Motivation: The biological literature is a major repository of knowledge. Many biological databases draw much of their content from a careful curation of this literature. However, as the volume of literature increases, the burden of curation increases. Text mining may provide useful tools to assist in the curation process. To date, the lack of standards has made it impossible to determine whether text mining techniques are sufficiently mature to be useful. Results: We report on a Challenge Evaluationtask that we created for the Knowledge Discovery and Data Mining (KDD) Challenge Cup.

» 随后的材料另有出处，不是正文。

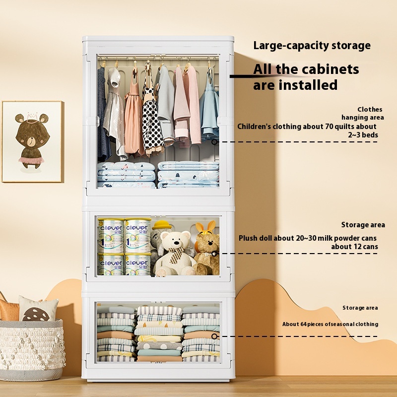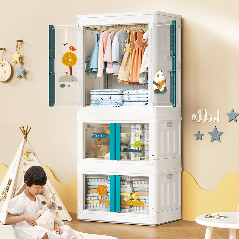 Simple Assembly Children's Wardrobe Home Baby Toy Clothes Hanging Storage Cabinet Folding Transparent Plastic Storage Cabinet
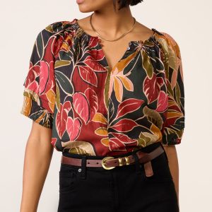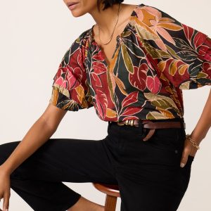 Crafted in a gorgeous printed voile, the Thersa Blouse by Velvet features a smocked split neckline, short sleeves with ruffle details, and a relaxed, cropped silhouette.
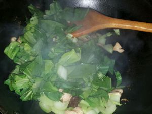 锅底放油,待油热,依次放油菜茎、香菇、鸡肉,盐,鸡肉下锅会粘不用怕,多翻炒,菜茎会出汤,就不粘了。最后放菜叶,一起翻炒。大概1分钟左右,待没什么菜汤了,可以盛出。
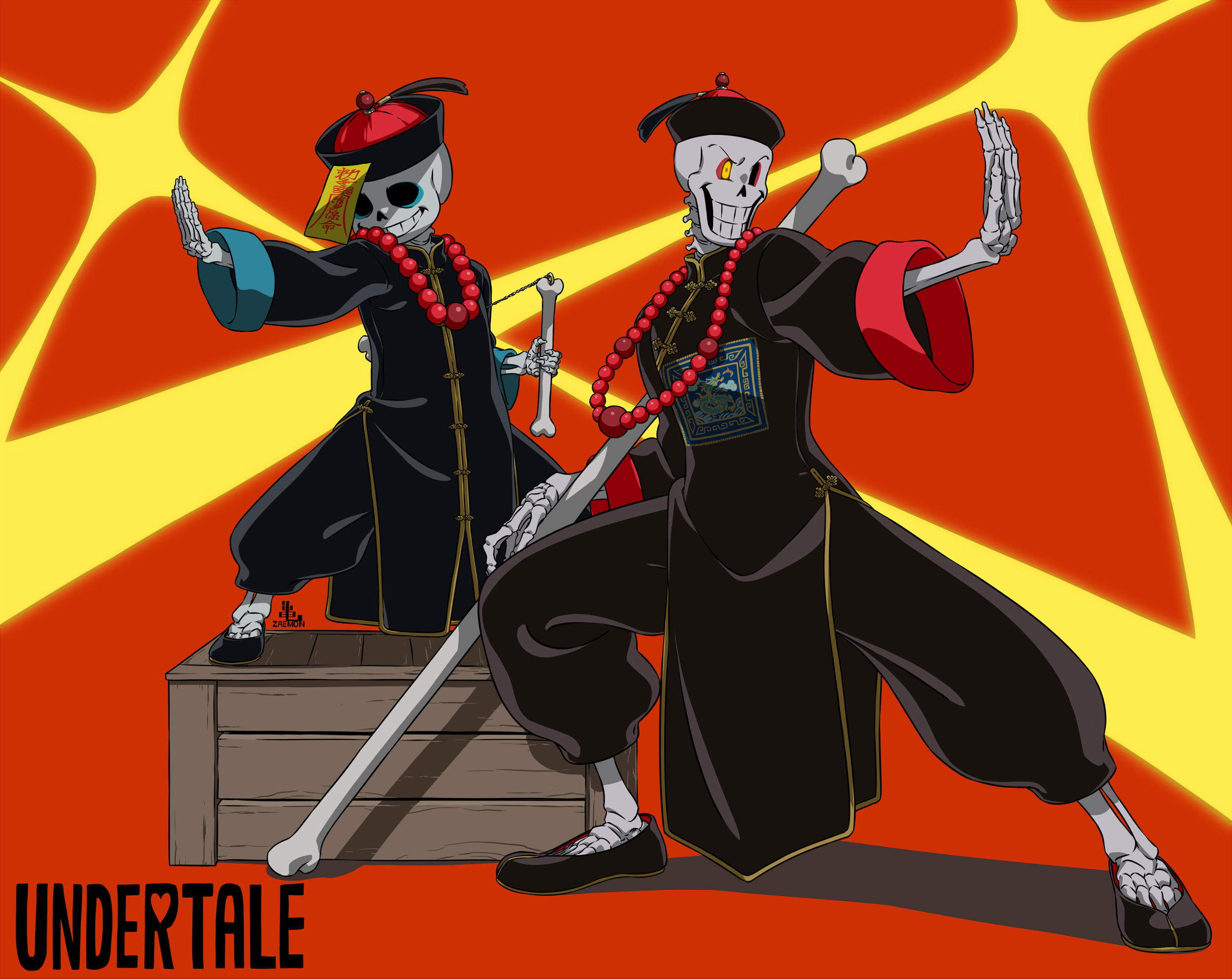 2boys alternate_costume aqua_eyeshadow bead_necklace beads black_dress black_footwear black_headwear black_pants bone brothers cel_shading china_dress chinese_clothes collared_dress commentary copyright_name crate dress eyeshadow from_side full_body grin hat height_difference highres holding holding_bone hollow_eyes jewelry jiangshi_costume kamezaemon legs_apart long_sleeves makeup male_focus multiple_boys necklace ofuda ofuda_on_head outstretched_arm pants papyrus_(undertale) pelvic_curtain qingdai_guanmao red_background red_eyeshadow sans_(undertale) shoes siblings simple_background skeleton smile standing undertale utdr_(toby_fox) yellow_eyes
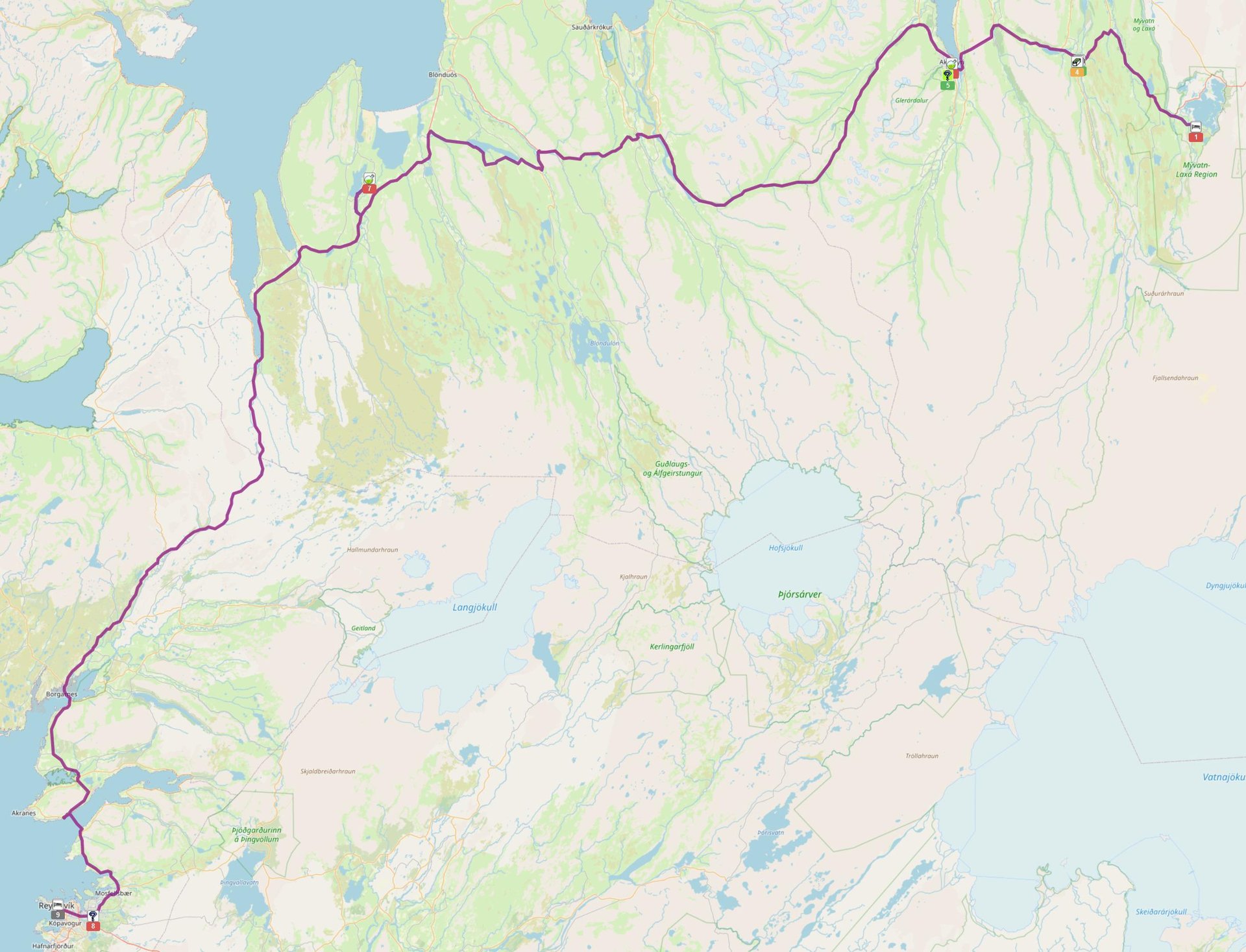 Day 1: Arrive 6:15 am and rent a car. Overnight in Reykjavik.

We provided a training corpus of 862 articles consisting of journal articles curated in FlyBase, along with the associated lists of genes and gene products, as well asthe relevant data fields from FlyBase. For the test, we provided a corpus of 213 new ('blind') articles; the 18 participating groups provided systems that flagged articles for curation, based on whether the article contained experimental evidence for gene expression products. We report on the evaluation results and describe the techniques used by the top performing groups.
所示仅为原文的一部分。